You didn't happen to use two different pairs of flip flops for the test? Or your flip flops for one unit and your Jonell's for another? That could account for the 16% difference in size?


----------



## gomike (Jun 30, 2015)

I am here too, in Molokai tower though.  Spending about 5 weeks.


----------



## SueDonJ (Jun 30, 2015)

gomike said:


> I am here too, in Molokai tower though.  Spending about 5 weeks.



Do you have the appropriate flip-flops?  

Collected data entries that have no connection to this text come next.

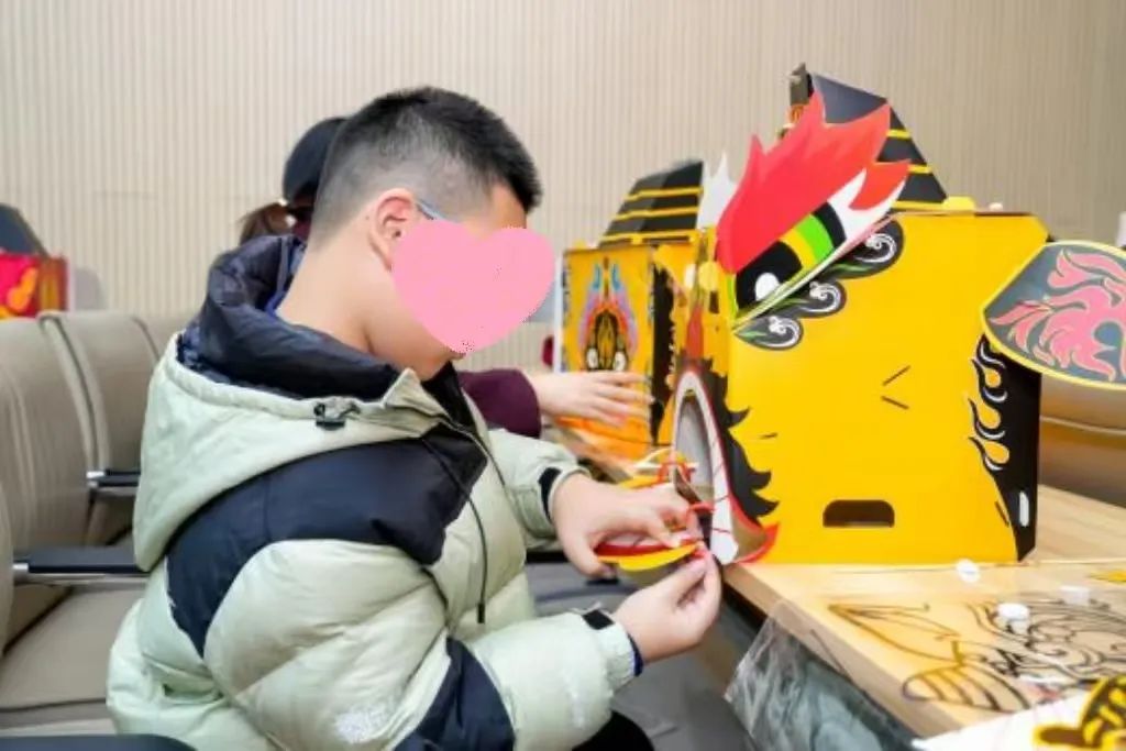 阅读互动游戏区也别具特色。以《小舞狮》为主题的绘本共读活动,让孩子们沉浸在精彩的故事中,感受传统文化的魅力。DIY醒狮头活动,充分发挥了孩子们的创造力和动手能力,他们用彩纸、画笔等材料,制作出一个个独具创意的醒狮头。大家还一起跳起“醒狮操”,活力四射的舞蹈将活动氛围推向高潮。
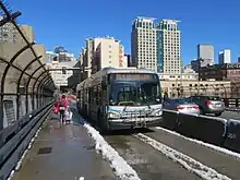 In certain situations, reversible lanes will be contraflow for a portion of the day. The Lincoln Tunnel XBL to the Lincoln Tunnel is a contraflow exclusive bus lane for buses during the morning peak period.[1] The XBL lane is fed by the New Jersey Turnpike at Exits 16E and 17, and New Jersey Route 3. The helix, tunnel, and terminal are owned and operated by the Port Authority of New York and New Jersey, the bi-state agency that also operates the 2.5-mile (4.02 km) contraflow lane along the left lane of three westbound lanes. The XBL serves over 1,800 buses, which transport more than 65,000 persons, each morning and is a major component of the morning "inbound" commutation crossing the Hudson River.[1][2][3][4][5]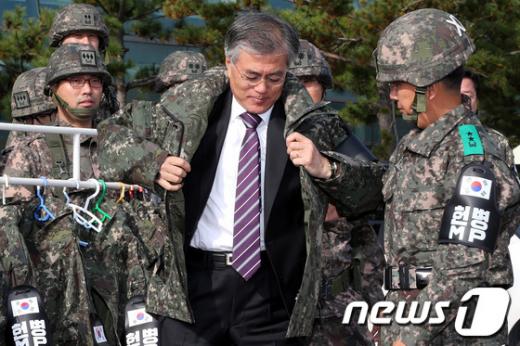= 문재인 민주통합당 대선후보가 1일 오전 22사단 소속 GOP부대를 방문하기 위해 강원도 고성군 동해선도로남북출입사무소 앞에서 군복을 입고 있다.2012.11.1/뉴스1 <저작권자 뉴스1 코리아, 무단전재 및 재배포 금지> ☞ 뉴스1 바로가기 독자들의 PICK! 윤미래, 뒤늦게 알려진 사망 소식..."긴 여행 떠나" 동서와 갈등→파혼 2번 아내..."조카는 남편 아이" 의심 충격 추성훈, '파격' 누드 화보 공개…"돈 안 받아, ♥야노 시호도 촬영" "남성 의사가 은밀한 곳 봤잖아" 이혼 선언…산부인과서 난동

Geeeeze, five weeks!  "Lucky!"  <--- said in my best Napoleon Dynamite voice


----------



## Passepartout (Jun 30, 2015)

Somebody needs a life. I hear there is an ocean and maybe some sand near there. Easier to find than a tape measure. Sheesh!


----------



## gomike (Jun 30, 2015)

I've got some fruit by the foot

Sent from my A0001 using Tapatalk


----------



## n777lt (Jun 30, 2015)

Greg's "flip flops" definitely should be enshrined in TUGGER lore, just like the Smoots that measure the bridge across the Charles River at MIT.  (Smoot was an MIT engineering student who lay down repeatedly so that his fraternity could measure the length of the bridge in units of his height, back in ancient days, i.e. the 50s) See https://en.wikipedia.org/wiki/Smoot.

Thank you Greg!


----------



## GregT (Jul 1, 2015)

Passepartout said:


> Somebody needs a life. I hear there is an ocean and maybe some sand near there. Easier to find than a tape measure. Sheesh!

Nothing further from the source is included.